И тотчас две дюжины неучей, нахватавших отрывочных сведений о Гомере из примечаний в сочинении Жюля Леметра, трезвонят во все концы о новом чуде средиземноморской цивилизации и своими истошными воплями повергают в трепет пробужденных Муз. Ибо в том и заключалось все чарующее бесстыдство пакостного старикашки, тем и тешился он, что притворялся, будто хочет стяжать себе славы на коленях высокомерной богини, приникнув к целомудренным чреслам ее и блуждая по ним иссохшими руками... Странное, ужасное дитя!
Давно уже он собирался посетить Люмбр, и ревнители его не скрывали более от непосвященных, что писатель отправится туда с замыслом новой книги. "Мне не раз случалось, - вещал он своим обожателям с той панибратской наглецой, с какой ему благоугодно одаривать ближних жемчужинами низкопробного скептицизма, окрещенного в его честь античной мудростью, - мне не раз случалось встречать святых, ибо именно так принято именовать людей, обладающих бесхитростной душою и живущих в простоте. Эти люди, чье царство не от мира сего, питаются, как все мы, хлебом праздных надежд, но алчут его несравненно более нас. Они живут и умирают в почти полной безвестности, заразив безумием своим лишь немногих. Да простится мне столь запоздалый возврат к детским мечтаниям. Я хочу узреть воочию святого другой породы, настоящего святого, святого чудотворящего, святого простолюдинов, наконец. Как знать, быть может, я уеду в Люмбр и кончу дни мои на руках блаженного старца".
Сии речи, как и другие, впрочем, долгое время почитали за милую причуду, хотя в них отобразилось, с какой-то забавной стыдливостью, искреннее чувство, низменное, но вполне человеческое: трусливый страх смерти. Окажись маститый писатель заурядностью, большой беды не случилось бы, но, к его несчастью, в нем низменная душонка. Сильная личность писателя, задыхающаяся в тесном круге его книг, нашла выход в пороке. Тщетно силится он утаить от всех, с удвоенным рвением сомневаясь и высмеивая, свою гаденькую тайну, проглядывающую через завесу слов. Но по мере того, как годы идут, горемыка все сильнее чувствует, что выдохся, зашел в тупик, упорствуя во лжи; с каждым днем ему все труднее утолять непрестанно усиливающийся голод всякими безделицами и пустячками.
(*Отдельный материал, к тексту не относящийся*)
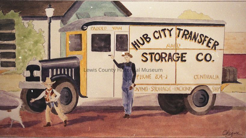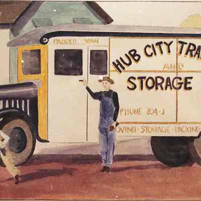 Color picture of a painting showing a man and a boy near a delivery truck. The name Hub City Transfer and Storage Co is on the side of the truck. Have negative.Collection

Не в силах перебороть себя, сознавая внушаемое им отвращение, лишь изредка, ценою хитроумных уловок и плутовства, получая возможность удовлетворить похоть, он жадно кидается на все, во что только может вцепиться беззубыми челюстями, а потом плачет от стыда перед опорожненной мисой. Необходимостью преодолевать сопротивление, тратить время на комедию обольщения, пусть разыгранную на скорую руку, страхом внезапного бессилия, - такая возможность отнюдь не исключена, - прихотливостью неутоленных вожделений объясняется его предубеждение против случайных связей. Если в прежнее время он содержал гувернанток, стараясь соблюсти хотя бы видимость приличий, то теперь опустился до потаскух и горничных, держащих его в домашнем рабстве. Он старается быть снисходительным к их просторечью, напускает на себя удручающе неестественное благодушие, старается отвлечь внимание притворным смешком, а сам тем временем украдкой косится на выглядывающий край короткой нижней юбки, томясь желанием припасть к ней седой головой.
Увы, эти унылые услады истощают его силы, не утоляя жажды. Ему кажется, что ниже пасть уже нельзя, что он скатился на самое дно своего жалкого ада. Желание, более чем когда-либо острое и жгучее, завершается слишком коротким, изменчивым, вороватым наслаждением. Пришло время, когда желание осталось, но потребности уже нет - последняя загадка сфинкса плоти... Тогда-то между старым немощным телом и напрасно подстрекаемой похотью встала Смерть, последний участник троицы. Но он не распознал ту, которую столько раз нежил на страницах своих книг, чьей лаской сам, казалось, пресытился - а смерть между тем проглядывала в каждом его холодно-насмешливом слове, точно лицо, сквозящее в прозрачной толще воды. Но вот он увидел ее совсем близко, прямо перед собою. Ему воображалось тихое угасание, медленное скольжение вниз по отлогому склону, заросшему цветами, и в самом низу, у последней границы, погружение в сон довольного собой человека; он никак не ожидал, что она явится без предупреждения, как снег на голову, как вор, взломавший дверь средь бела дня... Как, уже конец? Он гнал эти мысли прочь, пытался как-то скрасить их и в этой жалкой игре обнаруживал неистощимую изобретательность. Иногда, набравшись духа, он старался передать самым близким друзьям хотя бы малую долю темного ужаса своего, но они едва ли понимали его: кто поверит, что страдание в глазах великого писателя рождено детским страхом? "Помогите!" - молит взор, а слушатели восторгаются: "Какое блистательное искусство слова!"
XII
Господин Гамбийе приблизился к достославному создателю "Пасхальной свечи" и представился не без остроумия, ибо ему присущи и лукавство и находчивость. Затем, повернувшись к спутнику своему, он представил ею:
- Господин кюре люзарнского прихода более меня заслуживает чести приветствовать вас в Люмбре, чудесном краю, в двух шагах от церковки, которую вы пожелали видеть.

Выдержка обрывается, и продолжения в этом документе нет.